╭──

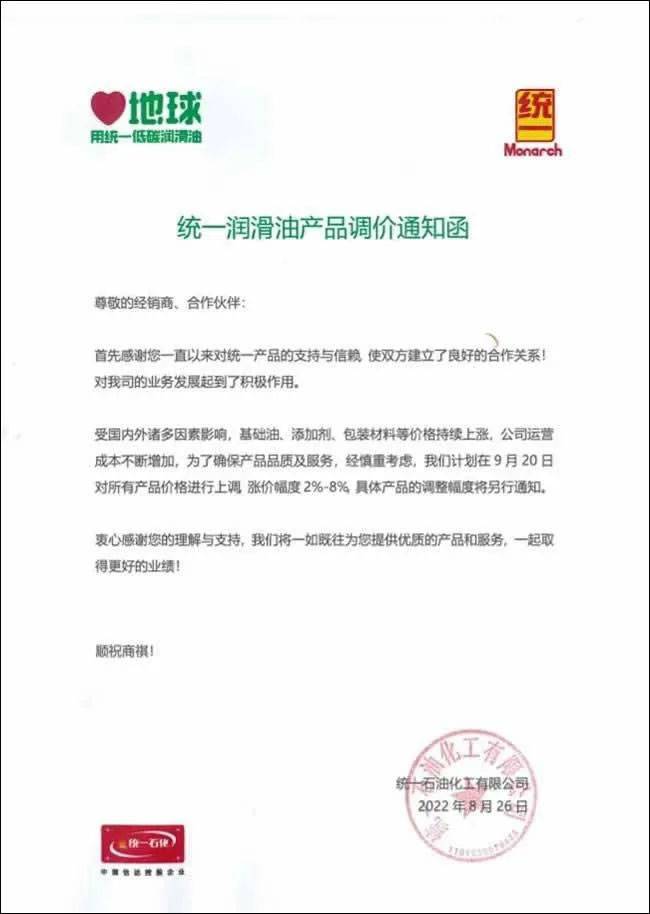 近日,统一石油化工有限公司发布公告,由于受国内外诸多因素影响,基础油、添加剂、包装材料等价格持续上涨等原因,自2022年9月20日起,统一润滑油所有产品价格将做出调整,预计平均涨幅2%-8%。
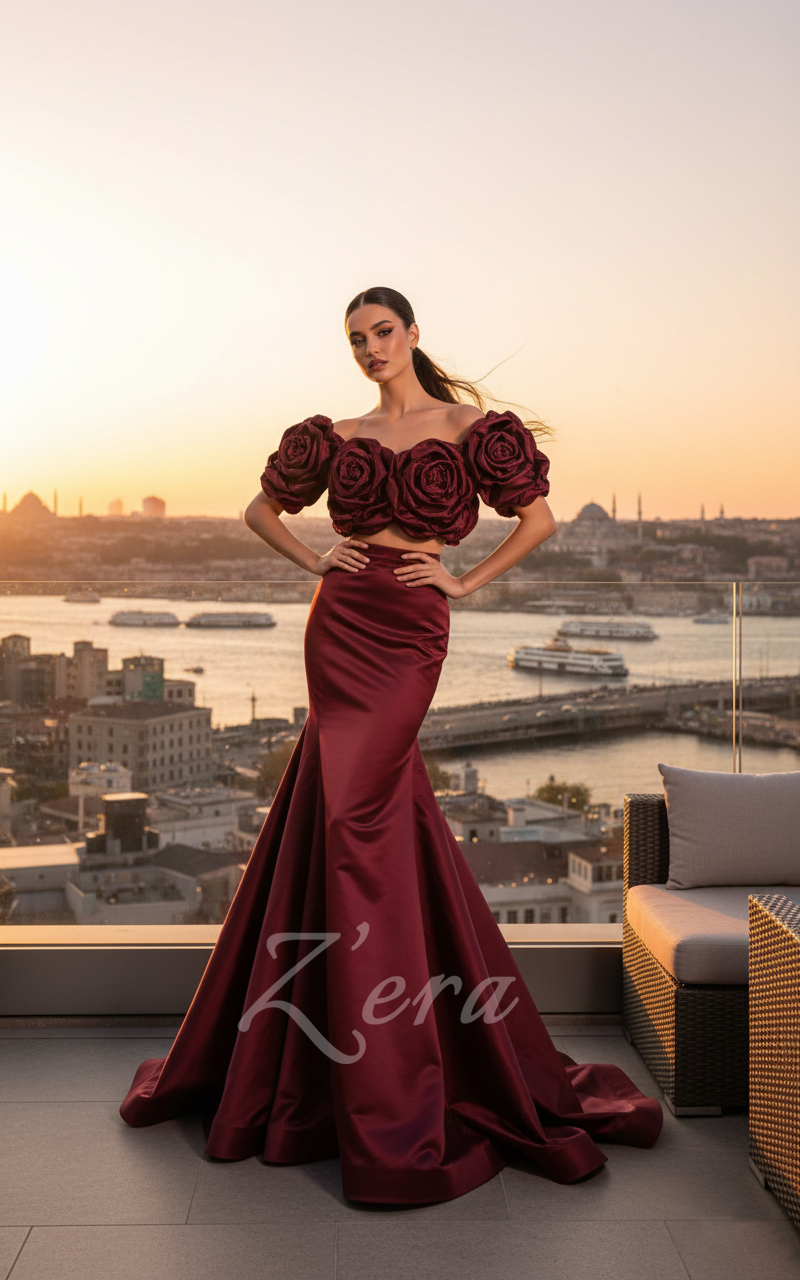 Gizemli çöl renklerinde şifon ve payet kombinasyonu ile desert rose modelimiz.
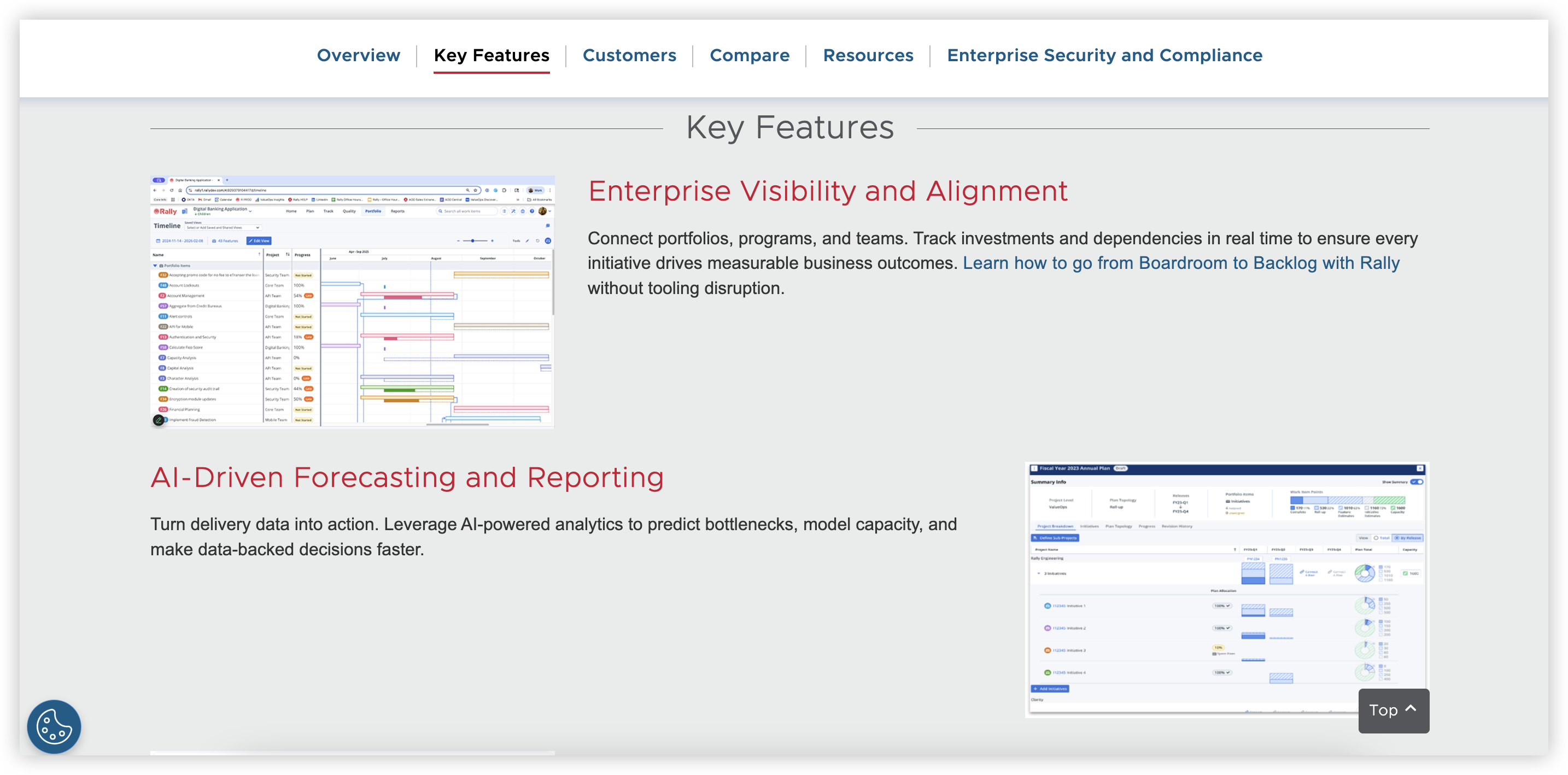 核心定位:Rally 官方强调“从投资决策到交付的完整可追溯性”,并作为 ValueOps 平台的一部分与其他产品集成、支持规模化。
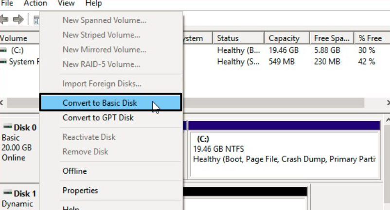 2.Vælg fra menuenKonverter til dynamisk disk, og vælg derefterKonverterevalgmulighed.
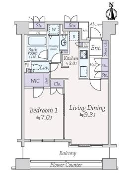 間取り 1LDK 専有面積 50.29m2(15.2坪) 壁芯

╰──

Set down every record once more, word for word, without pictures.

TASK RESPONSE:
 近日,统一石油化工有限公司发布公告,由于受国内外诸多因素影响,基础油、添加剂、包装材料等价格持续上涨等原因,自2022年9月20日起,统一润滑油所有产品价格将做出调整,预计平均涨幅2%-8%。
 Gizemli çöl renklerinde şifon ve payet kombinasyonu ile desert rose modelimiz.
 核心定位:Rally 官方强调“从投资决策到交付的完整可追溯性”,并作为 ValueOps 平台的一部分与其他产品集成、支持规模化。
 2.Vælg fra menuenKonverter til dynamisk disk, og vælg derefterKonverterevalgmulighed.
 間取り 1LDK 専有面積 50.29m2(15.2坪) 壁芯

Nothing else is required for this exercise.